Greenlane Renewables (GRN) could be a huge green energy stock to look at. The biogas is released into the atmosphere with the decomposition of organic waste. This biogas is generated by the anaerobic decomposition of organic matter can be turned into biomethane that could be used as a substitute for natural gas.
This means that it prevents the release of methane (one of the greenhouse gases) into the atmosphere as well as CO2 making a carbon-neutral loop or even a carbon-negative loop. A big plus for this technology is that it uses the already available infrastructure to distribute gas, making it more viable economically.
This is not all perfect since the combustion of this gas is still pollution. This raises the question of how much this investment is worth it since the technology can be considered “polluting” in a decade. The risk of such a scenario is reduced since there is no way to reduce the pollution from farms, wastewater, and landfills, making it the only viable solution.
The main driver of this business is the regulatory changes that encourage this technology. The de-carbonization is one of the main drivers of this business since it is very difficult to actually reduce the emissions of CO2 in areas such as farms and landfills.
The company was created in 1986 in New Zealand with a focus on designing and building heat exchangers and gas compression packages. In the 1990’s they started to install the upgrading systems using water wash technology (their main technology).
In 2014 the company was acquired by Pressure Technologies and renamed to PT Biogas Holdings Limited.
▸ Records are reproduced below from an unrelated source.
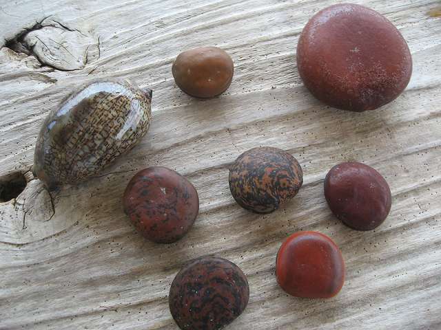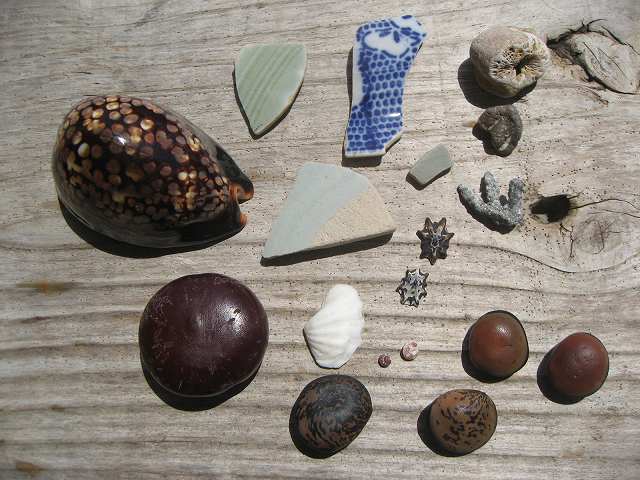 とっておきな出会いがあったにもかかわらず、わたくしめ、相変わらずナマケモノです。 それでも毎日遊びに来てくださる方々に感謝いたします。 久しぶりの豆ネタですが、貯まっておりまして3回分ほどまとめての御紹介です。 遠出の途中で、寄り道して、 観光客の方々はほとんど降りてこない海へ。 ここは、綺麗な貝が多いです。 トグロコウイカ(スピルラ)の殻も。 私は、まだ大人になっていない、 成長途中の宝貝がとても好きです。 巻貝の渦巻きのとんがったところが まだ見えていたり、 模様もなんとも言えないマーブルだったり。 これは、ヤクシマダカラの若者かな? ミミガイ?と、まるでレースのようなキクザルガイの仲間かな? トグロコウイカの殻は、今までも何度か拾っていますが、とっても脆くて割れちゃったコも。。 今回は割らずに無事連れて帰りました。 ずいぶん前から拾っているのに、最近まで正体を調べていなくて、 イカの甲だと知ってビックリ。英名はRam's Horn Shellというそうです。 とっても小さなイカなんですね。見てみたいなぁ。 ココ。 ←参考になりました。 同じ日に、もう一箇所、道草。。。 この浜もとっても久しぶりに降りました。 そしたら、やっぱり待っててくれましたね~~。 とっても綺麗なヤクシマダカラ。 このコもまだ若い固体です。 波打ち際のヤラブの木の下で、待っててくれました。 ジオクレアさんに、ふとっちょモダマさん。どちらもよくよく見て見ると・・・。 ヤドカリさんか、カニさん?にハサミではさまれた痕のような傷がついています。 硬くて割れなかったんだね。 そんな痕跡もとっても愛しいと思います。 別の日に。 久しぶりに歩いた浜で、 こんなにたくさんの海豆が。 やっぱり、ワニグチさんが多いです。 嬉しい、ジオクレアちゃんもいくつか・・・。 このコは、ここ最近、ぽつぽつとお会いしています。 イルカンダさん。 沖縄本島には自生があるようですが、 こちらには自生していません。 私の海豆コレクションの中では、 数が少ないほうです。 アハハ。なんか、くちが波打ってるみたいに見えて、 マンガに出てきそうなコだ。(アンパンマンとかね。。) 久しぶりに、ふとっちょ系のジオクレアさん、ゲット。 かわいか~。 やったぁ!! ハンバーガーくんを見つけると、 やっぱり第一声はこうなります。 コケムシいっぱい、ついでにヘビガイ?みたいなコもくっつけてます。 いやあ。。たまりませんね。 便乗して一緒に旅をしてきたと思うだけで、 きゅぅん。。と、なります。 これもジオクレアさん。 また別の日に、別の浜にて。 やっぱり久々に行くと、結構拾えるもんです。 ちょっと、くしゃっとなったワニグチさん。 大好きなジオクレアさんは、 何度見つけても、毎回大喜びしています。 そして、こればっかりは、絶叫しましたね・・・。 発芽しているニッパヤシさん! 今まで何度も発芽を試みて叶わなかったのですが、 発芽しているコに出会えるとは。 感激です。 頑張って大きくなってね~。 いやあ。。やっぱり、海豆って。。。 か、かわいか・・・。
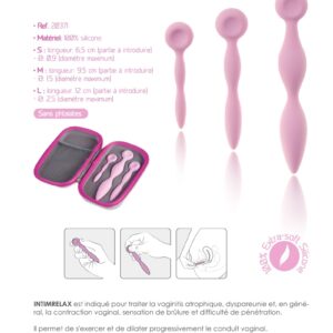 Le vaginisme est une cause commune de douleur et de gêne lors des rapports, souvent dorigines physique et psychologique. Le kit Intimrelax a été conçu spécialement pour vous aider à le réduire significativement, progressivement et sans vous faire mal.
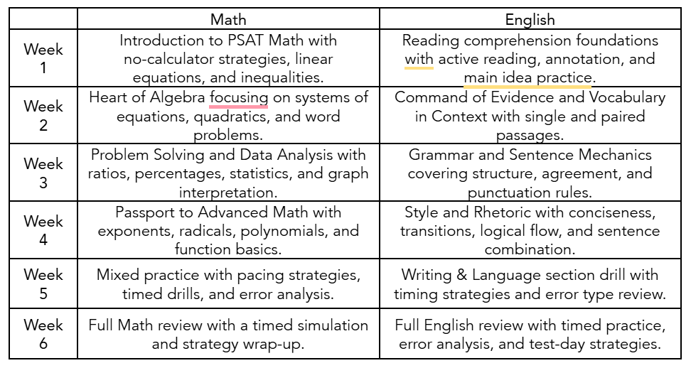 Our SAT course is a standard 8 weeks course. We also offer a shorter PSAT course which is covered in 6 weeks.
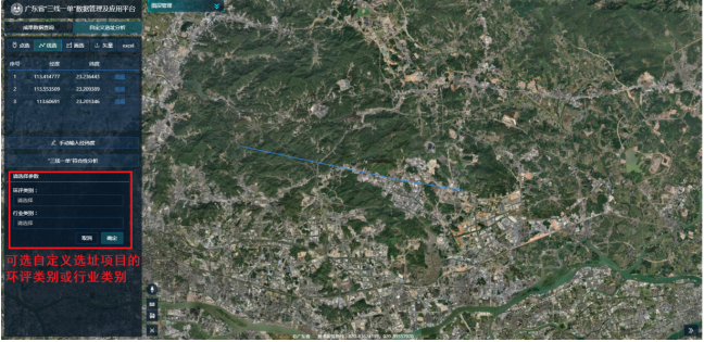通过在地图上点选、线选、面选,或者上传坐标数据文件,或者手动输入经纬度,并可选择环评类别或者行业类别进行模拟项目选址,识别选址涉及的环境管控单元,智能分析与相关管控要求的符合性,为项目选址可行性提供参考。
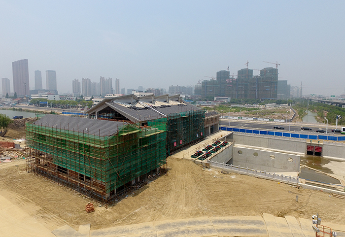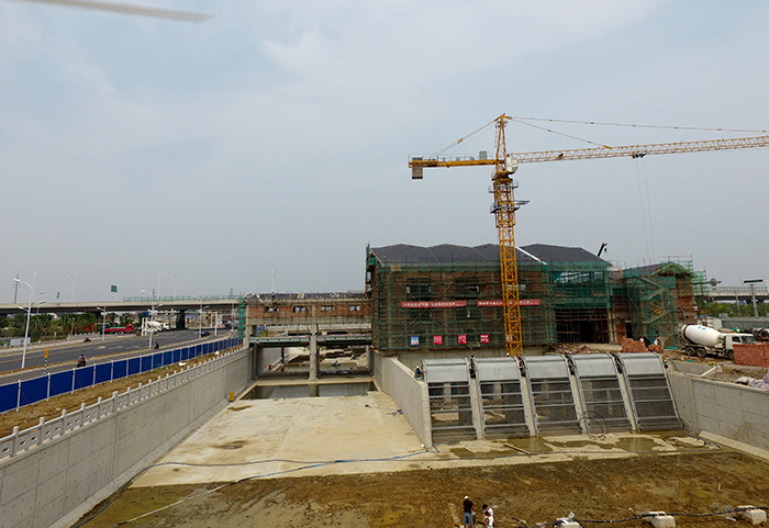 常熟市畅流活水工程一期项目常浒河枢纽工程包括节制闸和泵站,节制闸净宽为2×10m,泵站规模为45m3/s,兼顾排涝和活水功能。工程于2016年10月8日开工,11月12日开始基础灌注桩施工。因城市排涝要求,水下工程必须于5月底前完成,工期非常紧张。为保证施工进度,三分世俱杯网页版登录入口积极调配人力和物资至项目部,项目部也编制了详细的抢工计划,优化施工安排,各班组奋力拼搏、通力协作,于 5月25日顺利完成了水泵安装,工程具备水下验收条件。
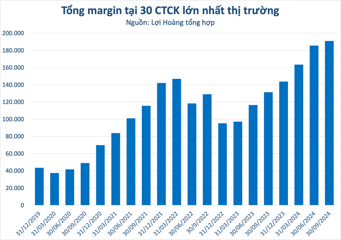 Thống kê quy mô của 30 công ty chứng khoán có dư nợ lớn nhất cho thấy tổng dư nợ đạt khoảng 191.000 tỷ đồng, cao hơn 5.500 tỷ đồng so với quý trước đó. Sau 9 tháng, tổng dư nợ cho vay ký quỹ của Top 30 tăng trưởng khoảng 47.200 tỷ đồng.
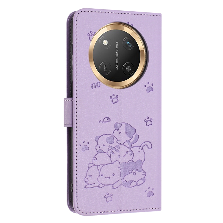 Funda de Piel para Honor X9C con Diseño de Gatito en Relieve y Cordón (Morado)
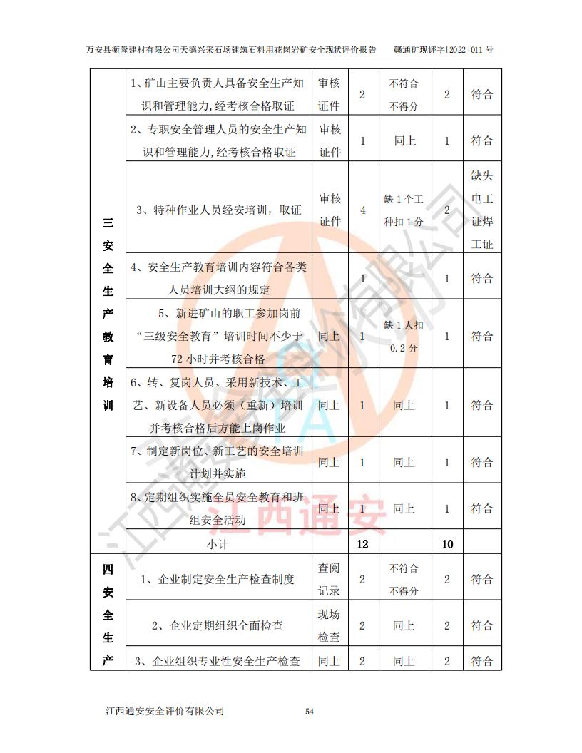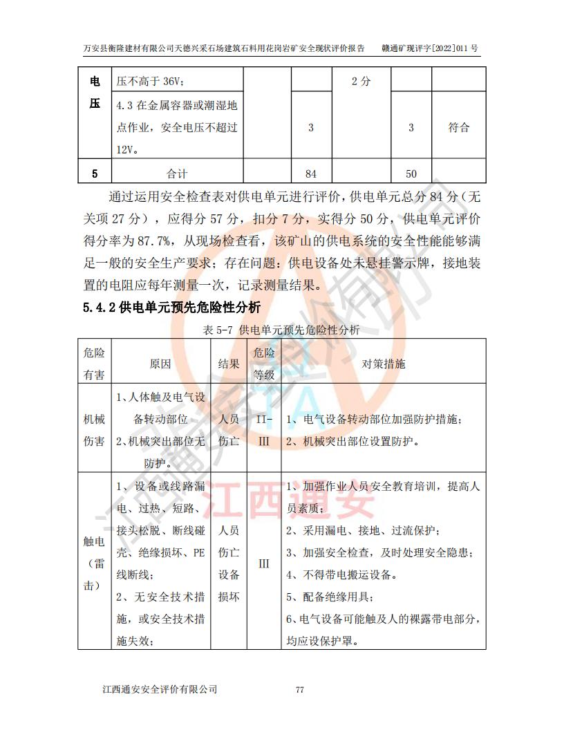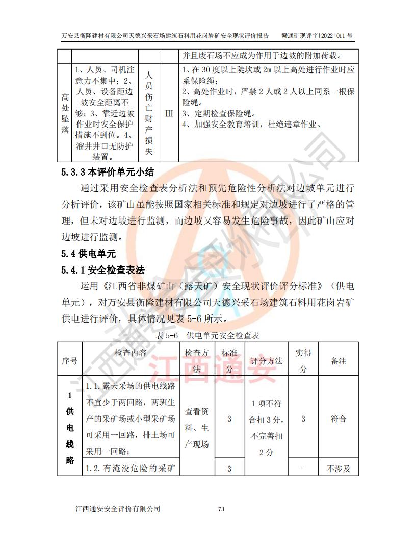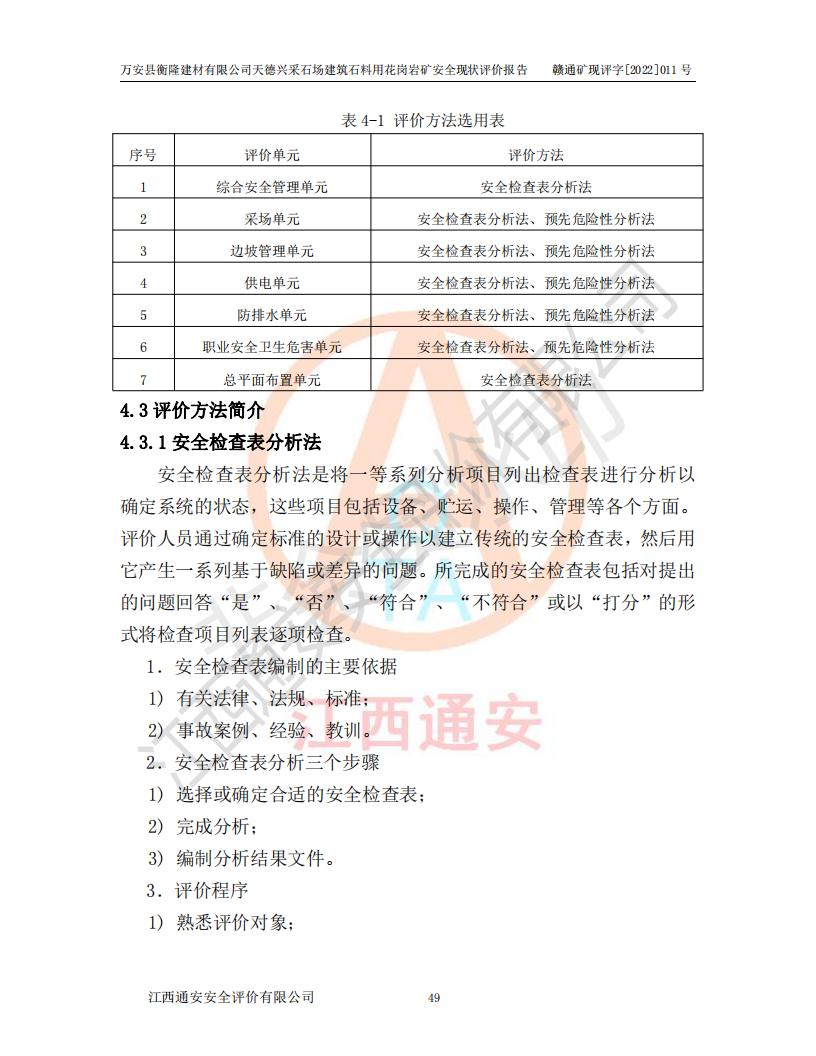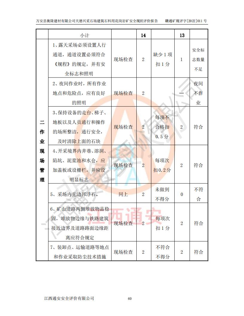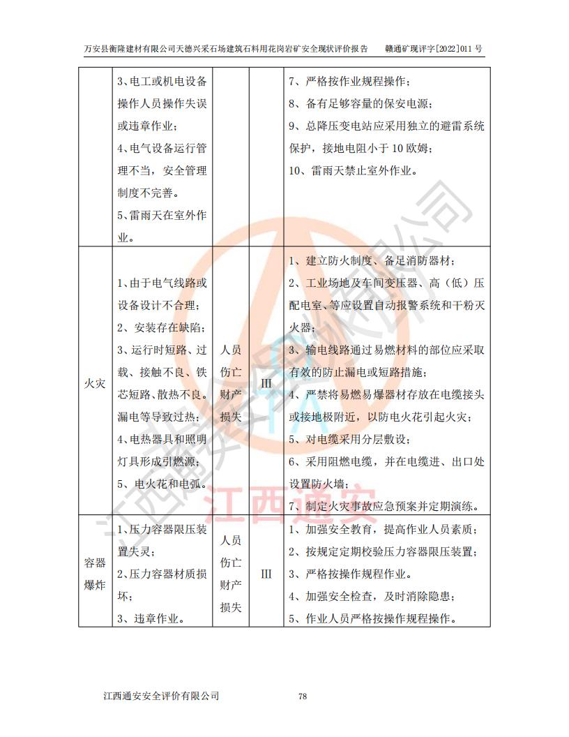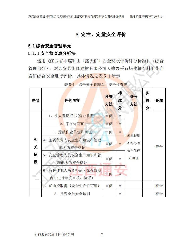 萬安縣衡隆建材有限公司天德興采石場建筑石料用花崗巖礦安全現(xiàn)狀評價報告

By 2018, over 100 Greenlane Biogas branded biogas upgrading systems had been deployed into 18 countries.
In 2017 the company restructured, moving from three regionally managed units into one globally operated company headquartered in Vancouver, Canada by Brad Douville.
In 2019 the company acquired their business (then called PT Biogas Holdings Limited) from Pressure Technologies for £10.1million:
- £2.0 million in cash
- £2.0 million in Special Warrants at a deemed value of $0.20 per share. They were converted into 17,418,000 Common Shares and 8,709,000 Warrants on August 9, 2019
- £6.1 million in the form of a promissory note. It has a duration of 48 months and has an interest rate of 7%.
- The PT Intercompany Debt (debt contracted before the separation) was outstanding in the amount of $0.7 million and is being paid in 9 installments.
Possible risk factors of GRN stock
- The company has a limited amount of clients and thus the revenues are at risk. The acquisition of new clients is also a difficult and irregular task creating more volatility.
- The company relies fully on the suppliers for the manufacturing and installation of the buildings. There is no list of the suppliers and the only information that we have is that some parts are produced exclusively by 1 supplier putting the company in a difficult position if that supplier can no longer serve them. Long-term contracts can mitigate that risk and yet the company does not disclose any information about that either.
- Due to a large number of Warrants, the delusion of stocks is a guaranty.
- The company is still unprofitable and has some obligations, making it more difficult to expand its core business.